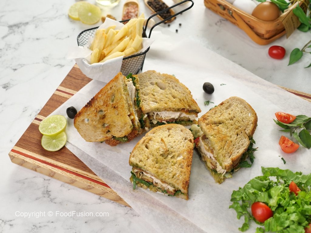 -Serve with potato fries,Pesto sauce & salad.
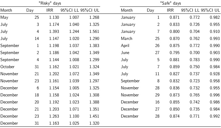 There is quite a lot of noise in these daily crash rate ratios, and few that appear reliably above or below the rates +/- one week. Although accounting for overdispersion leads to estimates for 4/20 that are not statistically distinguishable from the null (a distinction that we don’t think is meaningful), apparently there are several other days to worry about (excess deaths) and/or celebrate (reduced deaths):
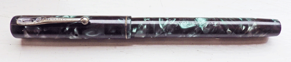 This is a flat topped pen but a slight softening of the angles is occurring: the top of the cap and end of the barrel being very slightly rounded. The rivetted clip worked well but would be replaced in later models.
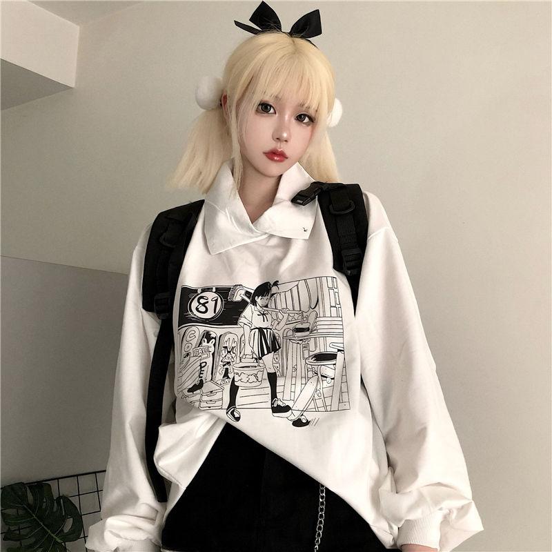 Hoodies Women Japanese Anime Pullover Sweatshirts Oversized Streetwear Harajuku Long Sleeve Turtleneck Hoodies Autumn Winter Fashion White Tops
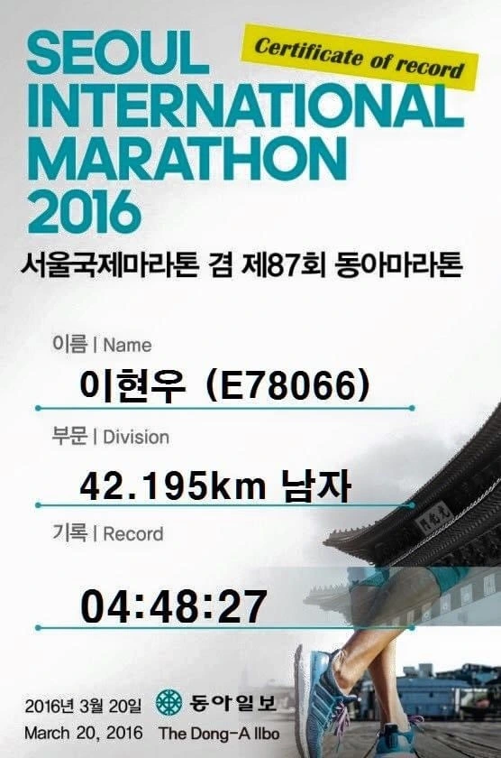 42.195km. 자동차로 1시간이면 충분히 도착할 거리다. 가만히 앉아서 이동할 수 있는 시대에 우리는 왜 땀 흘리고 때론 고통을 참아가며 마라톤을 하는 걸까. 저마다 각자 달리는 이유가 있을 테다. 나는 그저 마라톤 완주 경험 1회, 이 타이틀을 갖고 싶었다. 그럴싸하지 않은가?
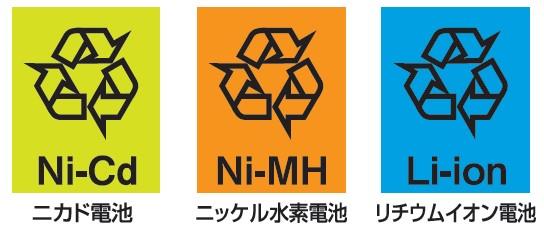 以下のマークが付いている小型充電式電池をリサイクルボックスに入れることができます。
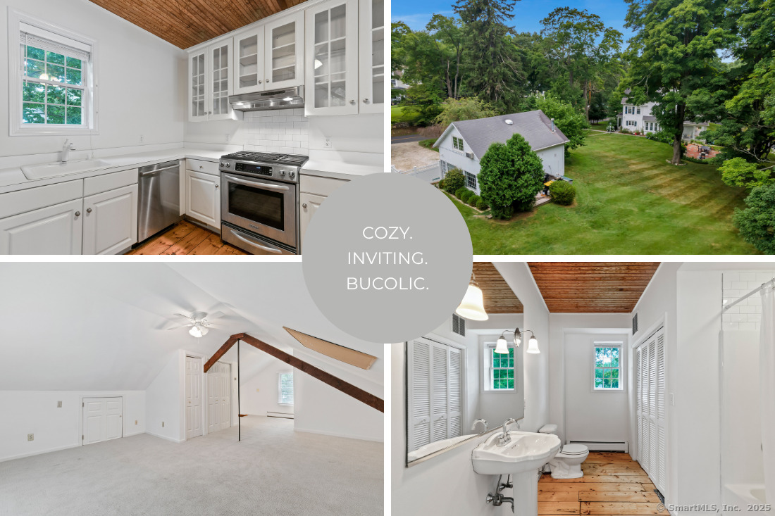 Charming Carriage House nestled into Greenfield Hill's bucolic landscapes, close to Greenfield Hill's shopping center complete with farmer's market, dining, grocery... You will love the character-filled open floor plan and wide board floors. The fully-equipped kitchen overlooks the great room and dining with high ceilings and French doors to the rear yard. Full bath and laundry on main level with spacious loft bedroom and half bath above. Recent updates. Sited away from the main house for privacy, with a wide stone driveway and fenced area, its a rare opportunity to enjoy this sought after area. Close to downtown, take advantage of the proximity to train, your favorite restaurants, endless shopping opportunities, five beaches, libraries, History Museum, movies, theater and more! Small lap dog or cat may be considered. Separate utilities.
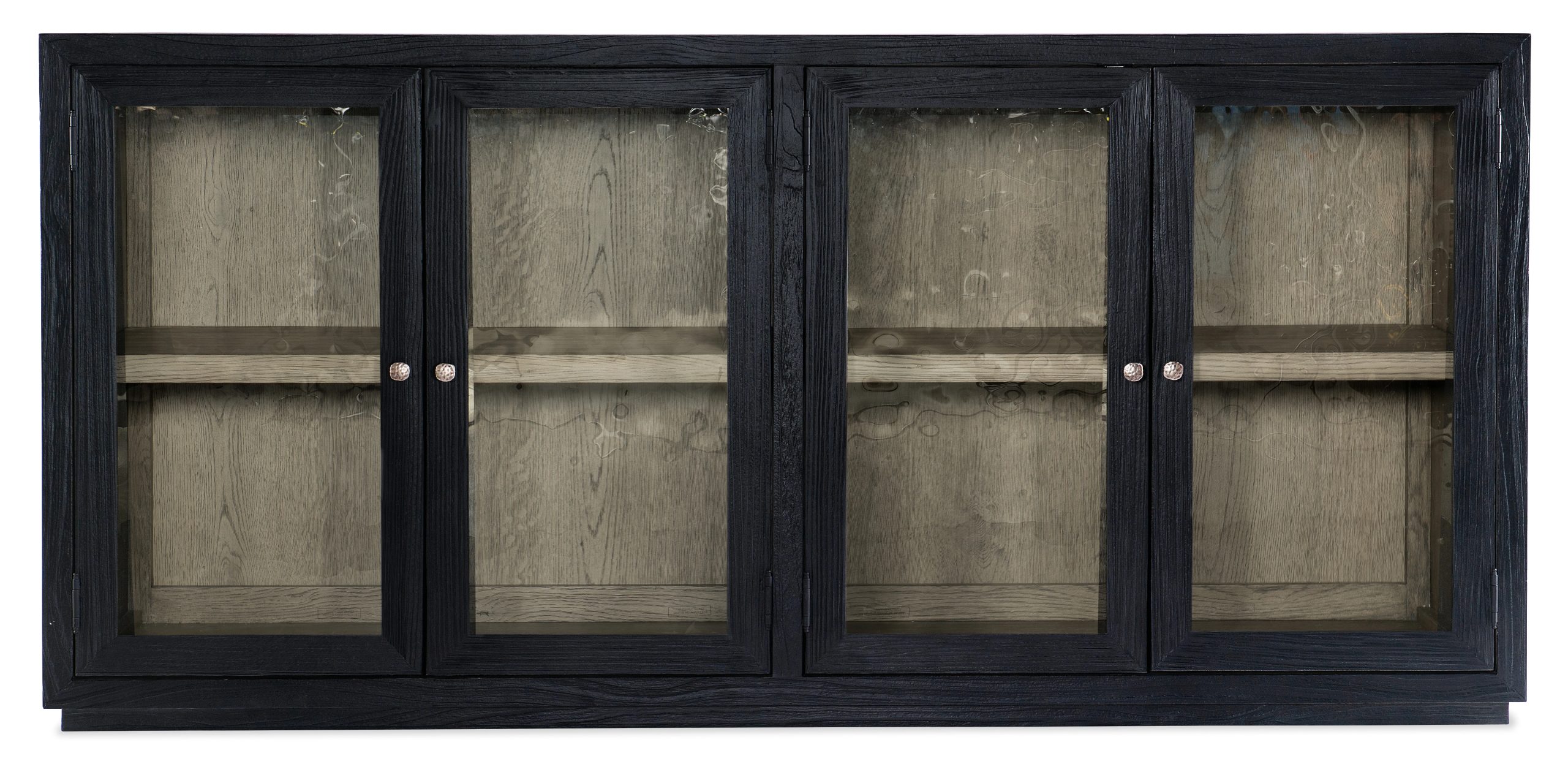 | Four wood-framed doors with seeded glass insertsTwo adjustable shelves behind each pair of doorsInterior is finished in Mink, a soft smoked gray finishFinish: Shadow: a charred black finish achieved through Shou Sugi Ban, a Japanese technique that creates | Yes |

» **What to work on**
Your task is to repeat exactly the lines from the one containing "This is a flat" through the end of the material, both included, and only those, without pictures.

» **Solution below**
 This is a flat topped pen but a slight softening of the angles is occurring: the top of the cap and end of the barrel being very slightly rounded. The rivetted clip worked well but would be replaced in later models.
 Hoodies Women Japanese Anime Pullover Sweatshirts Oversized Streetwear Harajuku Long Sleeve Turtleneck Hoodies Autumn Winter Fashion White Tops
 42.195km. 자동차로 1시간이면 충분히 도착할 거리다. 가만히 앉아서 이동할 수 있는 시대에 우리는 왜 땀 흘리고 때론 고통을 참아가며 마라톤을 하는 걸까. 저마다 각자 달리는 이유가 있을 테다. 나는 그저 마라톤 완주 경험 1회, 이 타이틀을 갖고 싶었다. 그럴싸하지 않은가?
 以下のマークが付いている小型充電式電池をリサイクルボックスに入れることができます。
 Charming Carriage House nestled into Greenfield Hill's bucolic landscapes, close to Greenfield Hill's shopping center complete with farmer's market, dining, grocery... You will love the character-filled open floor plan and wide board floors. The fully-equipped kitchen overlooks the great room and dining with high ceilings and French doors to the rear yard. Full bath and laundry on main level with spacious loft bedroom and half bath above. Recent updates. Sited away from the main house for privacy, with a wide stone driveway and fenced area, its a rare opportunity to enjoy this sought after area. Close to downtown, take advantage of the proximity to train, your favorite restaurants, endless shopping opportunities, five beaches, libraries, History Museum, movies, theater and more! Small lap dog or cat may be considered. Separate utilities.
 | Four wood-framed doors with seeded glass insertsTwo adjustable shelves behind each pair of doorsInterior is finished in Mink, a soft smoked gray finishFinish: Shadow: a charred black finish achieved through Shou Sugi Ban, a Japanese technique that creates | Yes |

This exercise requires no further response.